Contents
The SGD Physico-chemical Properties page provides basic protein information calculated using the predicted primary sequence. This information is calculated using the ProtParam tool (atomic composition, extinction coefficient, estimated half-life, instability index and aliphatic index) available at ExPASy, GCG's PEPTIDESORT (amino acid composition) and CodonW (coding region translation calculations). More detailed information about the individual properties and how they are calculated can be found in the sections listed below. Documentation relevant to the calculations obtained using the ProtParam tool was obtained from the ProtParam references/documentation page.
The Amino Acid Composition is based on the primary sequence. The table contains three columns: the first lists both the three- and one- letter designations for the twenty amino acids, the second column lists the number of amino acids present in one molecule, and the third contains the composition expressed as a percentage. Values in this table were calculated using GCG's PEPTIDESORT.
The Atomic Composition Table displays the composition of the protein, with respect to the number of atoms of carbon, hydrogen, nitrogen, oxygen, and sulfur that it contains as well as the total number of atoms and the resulting formula. Values in this table were calculated using the ProtParam tool, available at ExPASy.
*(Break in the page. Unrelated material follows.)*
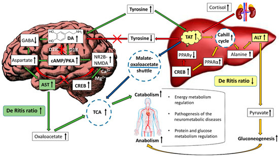 Several authors note the important role of the De Ritis ratio (the ratio of AST and ALT activities in the blood) in the regulation of metabolic processes in alimentary and other pathological conditions [139,140,141,142,143]. There is very little information on the use of these factors in the functional disorders of monoamine systems diagnosis. The activity of the AST enzyme plays an important role in the regulation of the catabolic and ALT—anabolic reactions. Figure 3 shows the general scheme of AST/ALT-mediated regulation of catabolism and anabolism.

The estimated half-life is a prediction of the time required for half of a synthesized protein to turn-over both in vitro and in vivo. This value is calculated based on Varshavsky's "N-end rule", which predicts protein half-life based on the identify of the N-terminal amino acid residue of a protein (reviewed in Varshavsky, 1996, and Varshavsky, 1997). The N-terminal residue plays an important role in the determination of in vivo protein stability. The ordering of protein half-life was determined by creating a series of ubiquitin-beta-gal fusion proteins in yeast where the identity of the amino terminal residue beta-gal residue was varied. When expressed in yeast the ubiquitin moeity was cleaved exposing various residues at the N-termini. The half-lives of these proteins varied greatly from less than 3 minutes to greater than 30 hours depending on the identity of the residue (Bachmair et al., 1986). Similar experiments were carried out in E. coli and in mammalian reticulocytes (Gonda et al., 1989 and Tobias et al., 1991). Estimated half-lives were calculated using the ProtParam tool, available at ExPASy and are not applicable for N-terminally modified proteins. Approximate half-lives of proteins in the three systems analyzed are summarized in the following table (taken from Varshavsky, 1997 and Gonda et al., 1989).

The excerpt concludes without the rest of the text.